Spacebase Startopia has been developed by Realmforge Studios (Dungeons series) and was published by Kalypso Media. The release for the title is today, the 26th of March. Unlike the original title, the remake is now also available not only for PC (Windows, macOS, Linux) but also on Xbox and PlayStation, as well as the Switch. So if you ever wanted to enjoy managing your own space base on a console, this is the right time for you.

What is Spacebase Startopia about?

In Spacebase Startopia, you are the newly appointed overseer of a space station that looks like a giant donut. There are three levels available which are separated into an industrial zone, an entertainment zone, and a natural area for terraforming and growing flora. The aim here is to run a successful and popular station so that you gain visitors and so that you can build amenities that support the visitors with their needs.

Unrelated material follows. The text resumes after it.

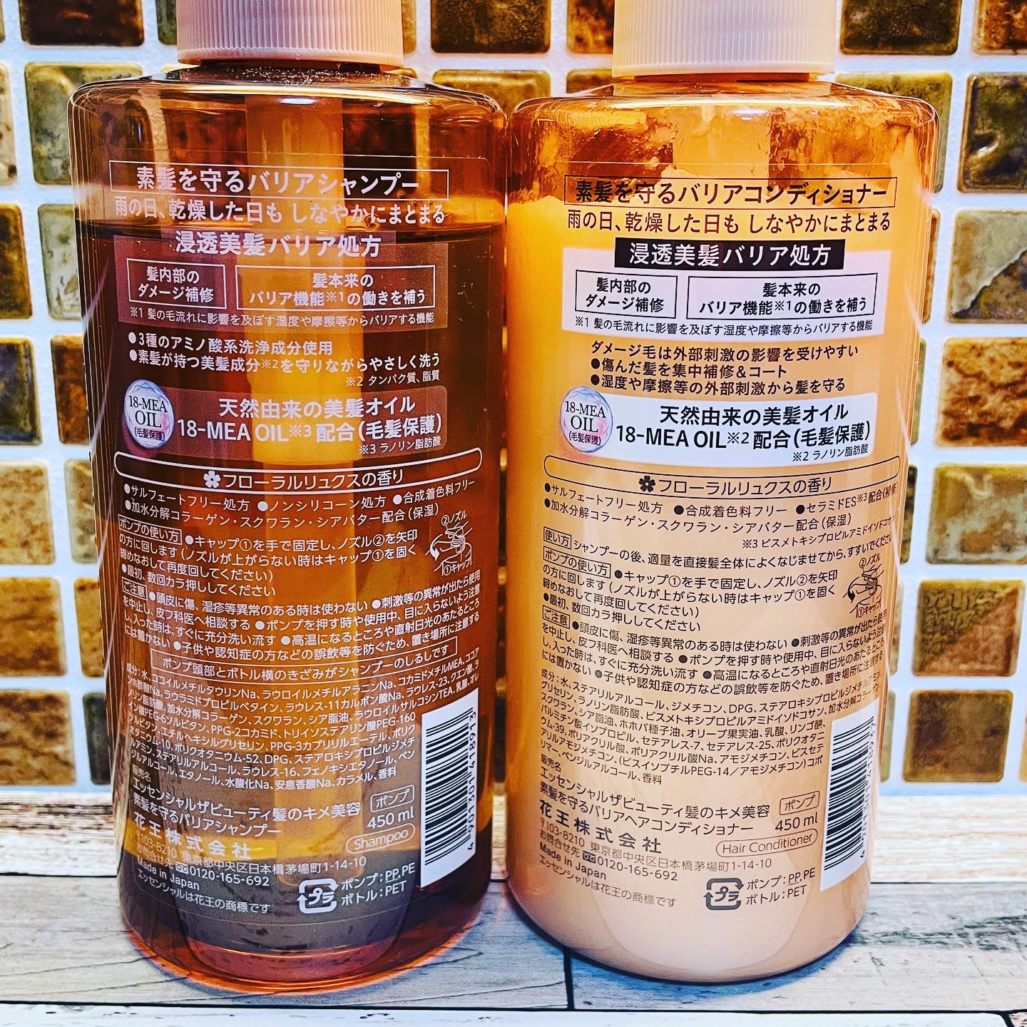 - うる髪続くバリアシャンプー・コンディショナー 雨の日、乾燥した日も しなやかにまとまる 【バリアシャンプー・コンディショナー共通】 ●浸透美髪バリア処方 ・髪内部のダメージ補修 ・ 髪本来のバリア機能*の働きを補う *髪の毛流れに変化を及ぼす湿度・摩擦等からバリアする機能 ●天然由来の美髪オイル 18-MEA OIL*配合(毛髪保護)*ラノリン脂肪酸 ●サルフェートフリー処方 ●合成着色料フリー ●加水分解コラーゲン・スクワラン・シアバター配合(保湿) ✿フローラルリュクスの香り 【バリアシャンプー】 ●3種のアミノ酸系洗浄成分使用 ●とろふわスフレ泡で素髪が持つ美髪成分*を守りながらやさしく洗う *タンパク質、脂質 ●ノンシリコーン処方 【バリアコンディショナー】 ●傷んだ髪を集中補修&コート ●湿度や摩擦等の外部刺激から髪を守る ●セラミドES*配合(補修)*ビスメトキシプロプルアミドイソドコサン

Spacebase Startopia Review Screnshot 1
Image: Realmforge Studios / Kalypso Media

In order to run the station and the buildings within, you also need to hire some of the visitors, which will gather experience and improve over time, unless you fire them before. Every alien race has something they are good at, so you can’t just mix your employees as you like. But you also won’t need to worry about matching. You just hire staff, and they will automatically do the work that they are able to carry out as long as there are enough open positions.

Later in the playthrough, you will be busy with R&D, manufacturing, and refining goods, as well as trade and some random missions that pop up even in skirmish mode. The single-player campaign includes ten missions, and Kalypso expects an average playtime of about 20 hours to finish all of them. Naturally, you can also just play skirmish and not bother with deadlines and hard targets. There are some combat elements as well, but the primary aspect here is building and managing the station, and the game is not intended as an RTS game.

What’s different between Spacebase Startopia and Startopia?

The game feels pretty much like the original Startopia, but naturally, after 20 years, some things have changed. Some of the alien races have changed, partially introducing new ones, and also the design of your robot workers and police robots is now different than it was before. Personally, I preferred the robots’ old designs, but this is not something to rant about. I’m confident that if you enjoyed Startopia, you would also have a good time playing the remake Spacebase Startopia, now even on consoles, which wasn’t possible before.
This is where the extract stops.